H.R. 228 amends the Indian Employment, Training and Related Services Demonstration Act of 1992 to facilitate the ability of Indian Tribes to integrate the employment, training, and related services from diverse federal sources. Primarily, the bill makes permanent the authority of tribes to integrate the federal resources they receive for employment and training purposes under a single plan and budget. The bill clarifies the plan approval process and timelines, the roles of various federal agencies involved, the transfer of funds mechanism, and the reporting and audit requirements the tribes must fulfill.
The summary below was written by the Congressional Research Service, which is a nonpartisan division of the Library of Congress, and was published on Dec 19, 2017.
(This measure has not been amended since it was passed by the House on February 27, 2017. The summary of that version is repeated here.)
Indian Employment, Training and Related Services Consolidation Act of 2017
(Sec. 2) This bill amends the Indian Employment, Training and Related Services Demonstration Act of 1992 to rename the Act to the Indian Employment, Training and Related Services Act of 1992 and to revise the program that provides for the integration of employment, training, and related services programs for Indian tribes.
(Sec. 6) The bill revises the types of programs that may be integrated. (Sec. 8) The bill revises the process for: (1) federal agencies to grant or deny a tribe's request to waive statutory, regulatory, or administrative requirements to efficiently implement an integration plan; and (2) the Department of the Interior to approve or disapprove an integration plan. A tribe is granted certain hearing and appeal rights if Interior disapproves its plan.

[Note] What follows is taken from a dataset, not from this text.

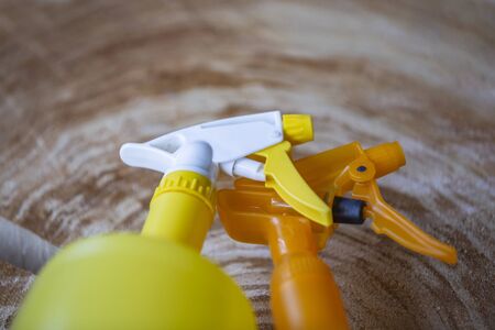 Closeup of Spray bottle nozzle - cleaning theme banner.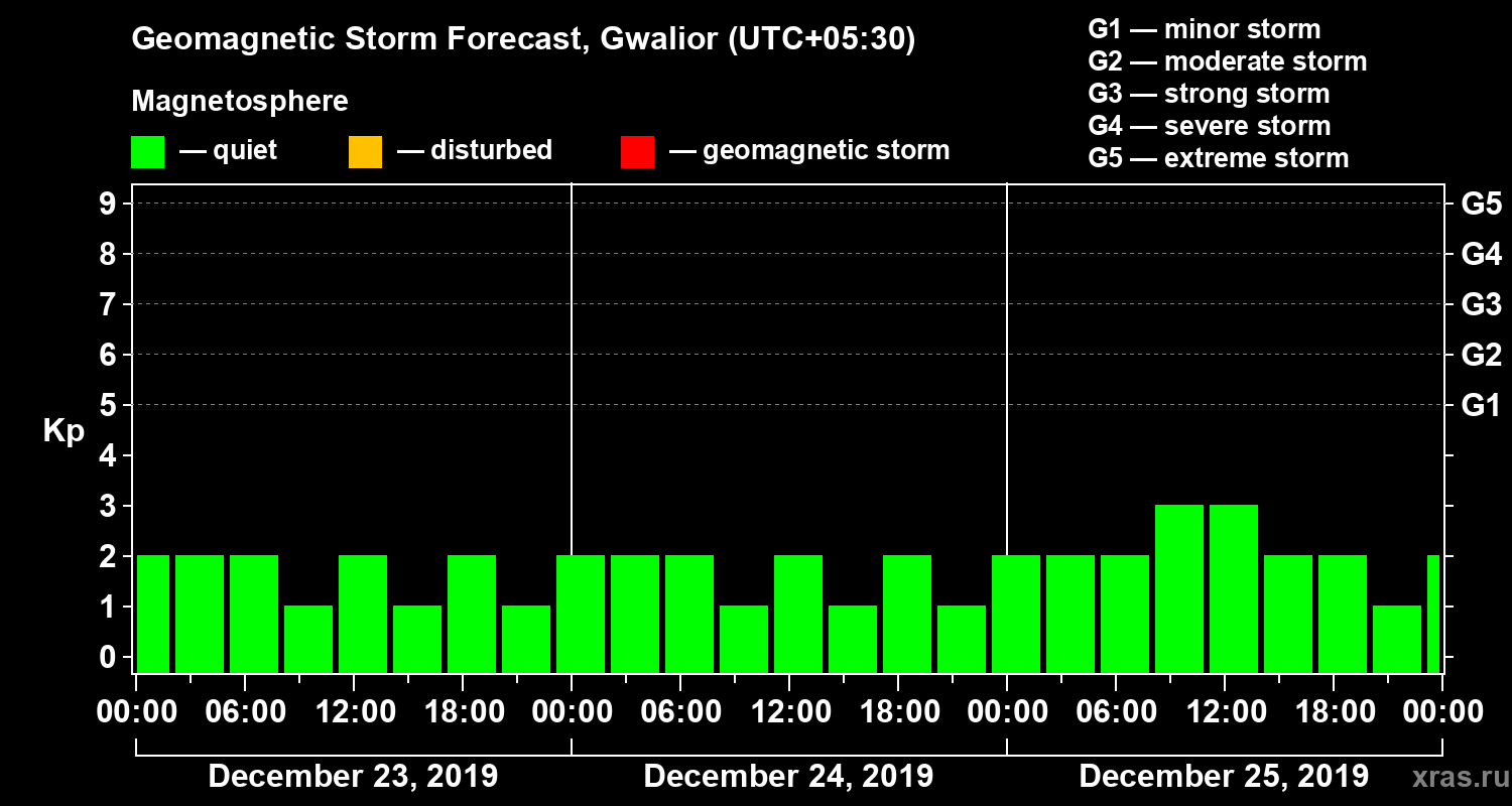 Geomagnetic storm forecast in Gwalior for Dec 23, 2019

(Sec. 10) Tribal authority to use funds to place participants in training positions with employers is revised.
(Sec. 13) The Bureau of Indian Affairs must receive and distribute funds for use in accordance with an approved integration plan.
(Sec. 14) Funds transferred to a tribe must be treated as non-federal funds for purposes of meeting matching requirements, except funds administered by the Department of Labor or the Department of Health and Human Services. Civil liability limitations apply to approved integration plans.